The $713,000 that Held raised from students, school fundraising campaigns, T-shirt sales and other donations is gone. More than $270,000 of that went to Held and family members, records show.

In a July interview, Held said he hoped to finish the quilt in a few months. But he changed his mind a few weeks after the AP began asking questions, abruptly shutting the project because of “tough economic times.”

Held has done an impressive job raising money, persuading students to hold “penny drives” and police officers to buy T-shirts promoting the quilt for $20 or more. But he’s spent a lot in doing so.

Since 2004, Held paid himself $175,000 in salary, health insurance, other benefits and a weekly car allowance he received for most of that time. He’s owed another $63,820 in deferred salary, according to the charity’s most recent tax filing. Held argues that he’s actually owed closer to $420,000, because he was supposed to receive $60,000 annually since 2003, and has received far less.

He told the AP in July that more than $50,000 paid in 2005 to satisfy a loan never reported by the charity went to his mother to repay “an accumulation of a bunch of small loans.” But when pressed last week – after the AP pointed out that his mother died that year – Held said he paid himself more than $45,000 to repay the loan. He said he couldn’t explain the other $5,000 without researching it.

He said he paid another $12,000 to his brothers, Dave and John, as consulting fees.

Held also charged the charity more than $37,000 for office rent, utilities and other related expenses, according to the group’s tax forms. But the addresses reported by the charity for most years were Held’s home and private mail boxes at PostNet and UPS stores in Arizona and south Texas.

Held said he received much of the office payments to cover the cost of working out of his home.

Held spent more than $170,000 on travel since 2004 to promote the quilt. He rarely traveled without his two Alaskan Malamute dogs, one at 120 pounds and the other 200 pounds. He also listed $36,691 in credit card and bank charges since 2005 and $10,460 for an expense listed as “petty” in 2009.

“I loved going out and traveling,” he said. “I loved going to the police departments.”

I’d say that he should be making at least one more visit to a police station.

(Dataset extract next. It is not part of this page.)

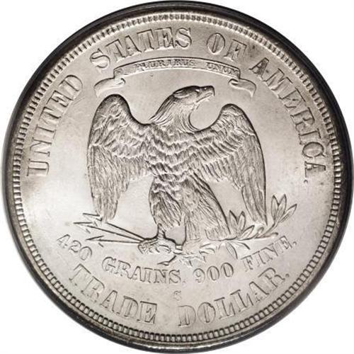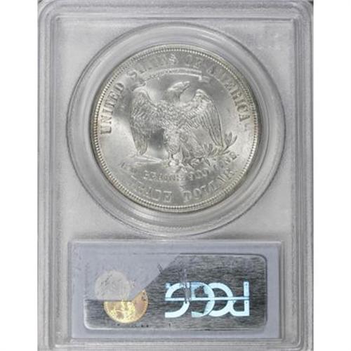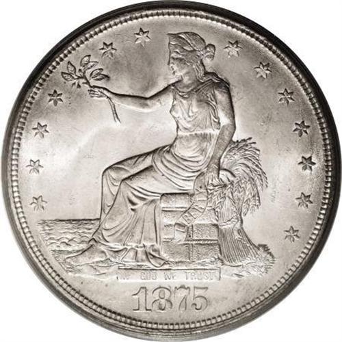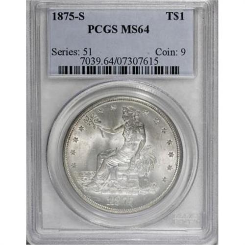 <B>1875-S T$1 MS64 PCGS.</B></I> Type One Reverse, Large S Mintmark. The reverse has a short die line from the stem to the tip of the left claw is parallel to the bottom arrow shaft, perhaps worth closer examination by a specialist. In addition, some close doubling on the reverse is machine or strike doubling. Both sides are fully brilliant and lustrous with frosty silver surfaces.<BR><BR><B>Coin Engraver:</B> William Barber<BR><BR><b>Shipping:</b> Coins & Currency (<a target="_blank" href="http://www.heritageauctions.com/common/shipping.php">view shipping information</a>)

Here’s the best part.

Still, he’s come a long way since serving a few days in a Tampa jail in 1993 for misdemeanor theft and battery. With his wife, he’s moving into a $660,000, five-bedroom house overlooking a lake in Chandler, Ariz…

…He insists he has accounted for every dime spent by the charity, even if he can’t justify all the expenses.

“It doesn’t mean I’m a bad person,” Held said. “It just means I made a mistake.”

So far, he’s gotten away with it. The article details several other 9/11 charity scams. It makes you wonder why anyone plays by the rules.